== DATASET ==
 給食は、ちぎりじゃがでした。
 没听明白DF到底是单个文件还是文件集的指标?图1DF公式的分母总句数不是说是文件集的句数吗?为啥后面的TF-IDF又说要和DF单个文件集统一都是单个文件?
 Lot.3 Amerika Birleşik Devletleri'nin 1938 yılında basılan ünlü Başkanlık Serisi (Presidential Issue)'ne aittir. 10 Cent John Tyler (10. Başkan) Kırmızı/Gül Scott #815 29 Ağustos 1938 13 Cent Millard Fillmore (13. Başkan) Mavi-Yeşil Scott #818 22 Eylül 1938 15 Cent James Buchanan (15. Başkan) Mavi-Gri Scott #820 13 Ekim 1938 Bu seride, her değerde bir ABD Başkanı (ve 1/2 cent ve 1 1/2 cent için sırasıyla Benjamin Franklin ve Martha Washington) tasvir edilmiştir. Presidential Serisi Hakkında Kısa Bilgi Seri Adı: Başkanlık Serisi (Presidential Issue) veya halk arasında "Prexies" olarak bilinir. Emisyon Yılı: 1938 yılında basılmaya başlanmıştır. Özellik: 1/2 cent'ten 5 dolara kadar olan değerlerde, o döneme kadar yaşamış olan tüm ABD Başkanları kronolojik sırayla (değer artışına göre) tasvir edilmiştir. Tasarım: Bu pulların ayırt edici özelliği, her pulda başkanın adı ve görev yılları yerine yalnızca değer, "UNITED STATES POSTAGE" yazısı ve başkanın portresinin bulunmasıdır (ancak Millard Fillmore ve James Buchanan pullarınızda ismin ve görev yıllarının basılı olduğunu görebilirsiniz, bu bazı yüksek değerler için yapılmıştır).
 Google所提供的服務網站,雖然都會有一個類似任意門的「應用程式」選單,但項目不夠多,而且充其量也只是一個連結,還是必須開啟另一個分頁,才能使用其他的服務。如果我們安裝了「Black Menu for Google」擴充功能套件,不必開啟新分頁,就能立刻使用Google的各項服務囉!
===
== DATASET ==
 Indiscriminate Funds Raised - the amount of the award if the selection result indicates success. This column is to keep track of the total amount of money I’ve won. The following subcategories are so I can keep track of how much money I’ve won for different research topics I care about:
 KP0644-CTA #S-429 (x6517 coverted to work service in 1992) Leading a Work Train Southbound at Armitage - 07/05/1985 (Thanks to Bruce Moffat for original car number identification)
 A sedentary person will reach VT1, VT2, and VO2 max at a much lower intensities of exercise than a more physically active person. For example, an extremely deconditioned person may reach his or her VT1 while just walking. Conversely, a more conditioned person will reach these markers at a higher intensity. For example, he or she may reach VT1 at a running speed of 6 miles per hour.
===
== DATASET ==
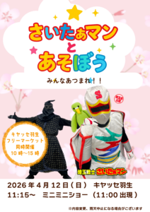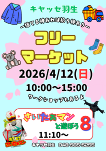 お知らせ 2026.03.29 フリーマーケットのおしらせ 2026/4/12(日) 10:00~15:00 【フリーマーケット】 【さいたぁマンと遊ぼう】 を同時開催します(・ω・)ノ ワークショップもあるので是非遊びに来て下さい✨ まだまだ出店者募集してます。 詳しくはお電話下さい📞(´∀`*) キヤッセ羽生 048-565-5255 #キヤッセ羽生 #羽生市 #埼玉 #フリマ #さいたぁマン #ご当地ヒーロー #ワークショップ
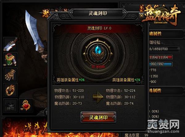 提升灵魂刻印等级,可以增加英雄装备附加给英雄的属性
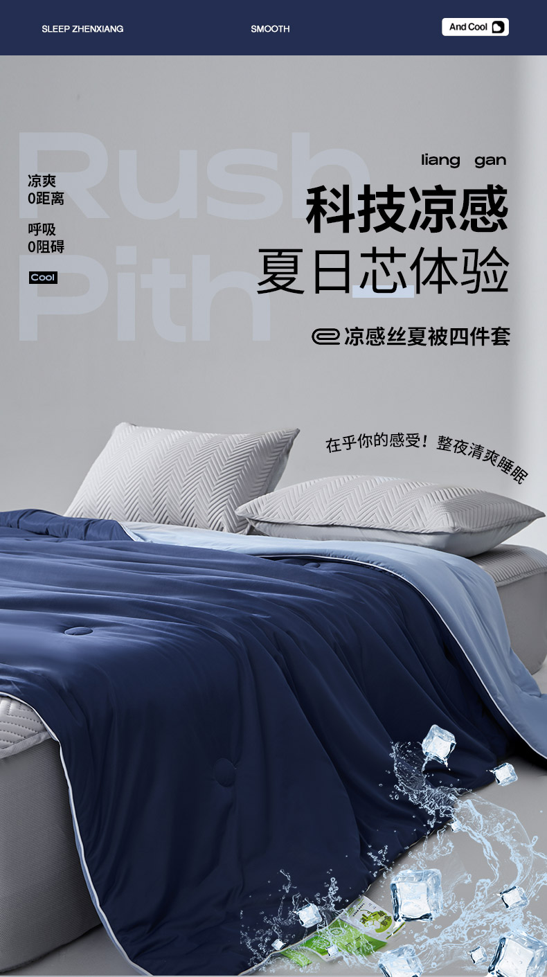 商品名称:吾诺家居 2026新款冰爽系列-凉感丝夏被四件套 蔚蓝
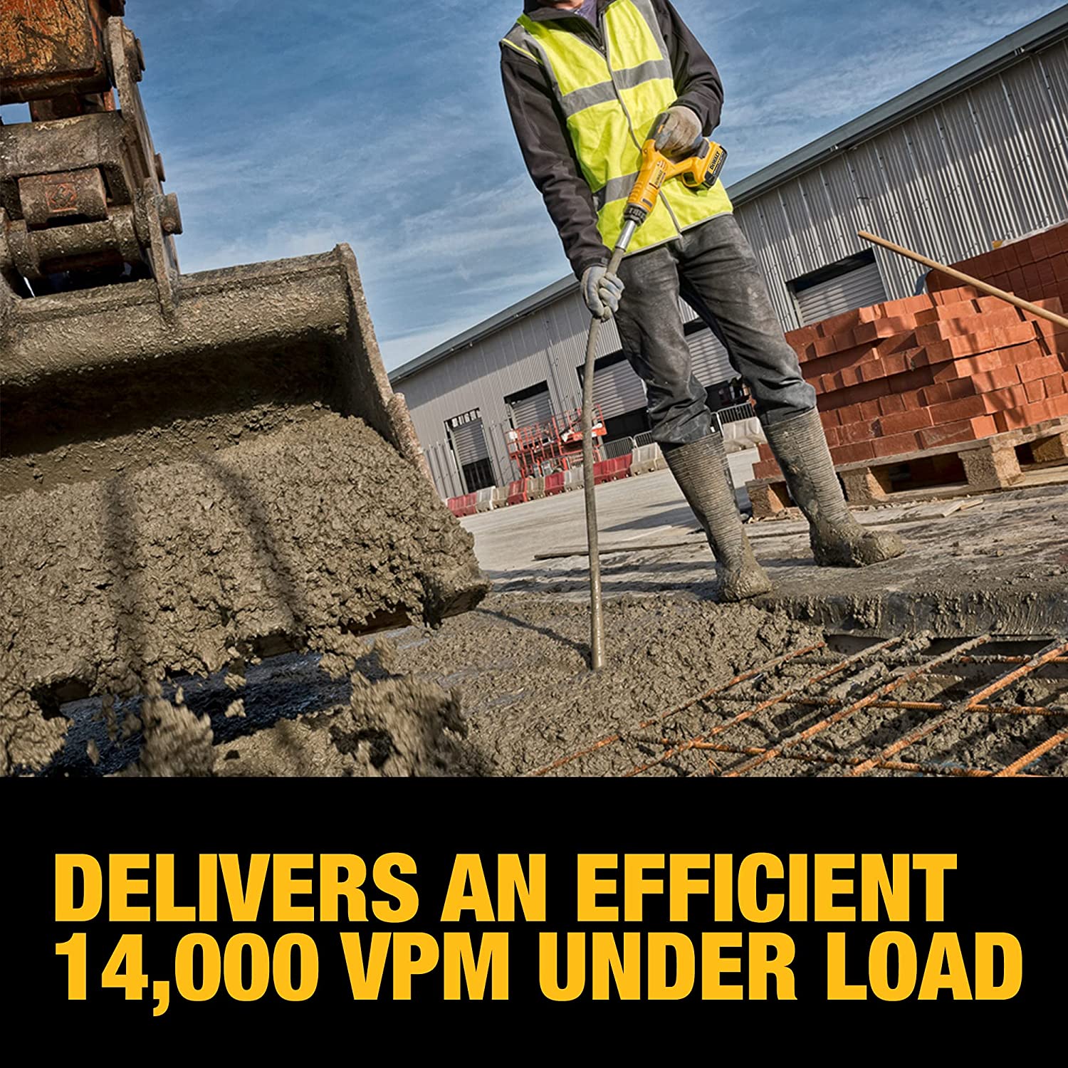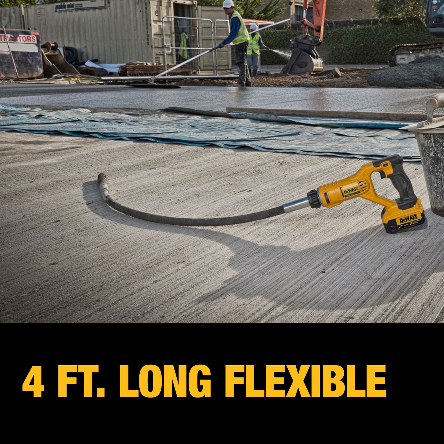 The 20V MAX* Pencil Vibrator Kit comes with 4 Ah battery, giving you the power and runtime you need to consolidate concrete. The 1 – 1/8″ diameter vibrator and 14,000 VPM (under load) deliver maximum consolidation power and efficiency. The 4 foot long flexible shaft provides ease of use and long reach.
===
Produce a word-for-word copy of everything above from the line holding "給食は、ちぎりじゃがでした。" down to the line holding "没听明白DF到底是单个文件还", with both of those lines kept.

**RESPONSE TO THIS EXERCISE**.
 給食は、ちぎりじゃがでした。
 没听明白DF到底是单个文件还是文件集的指标?图1DF公式的分母总句数不是说是文件集的句数吗?为啥后面的TF-IDF又说要和DF单个文件集统一都是单个文件?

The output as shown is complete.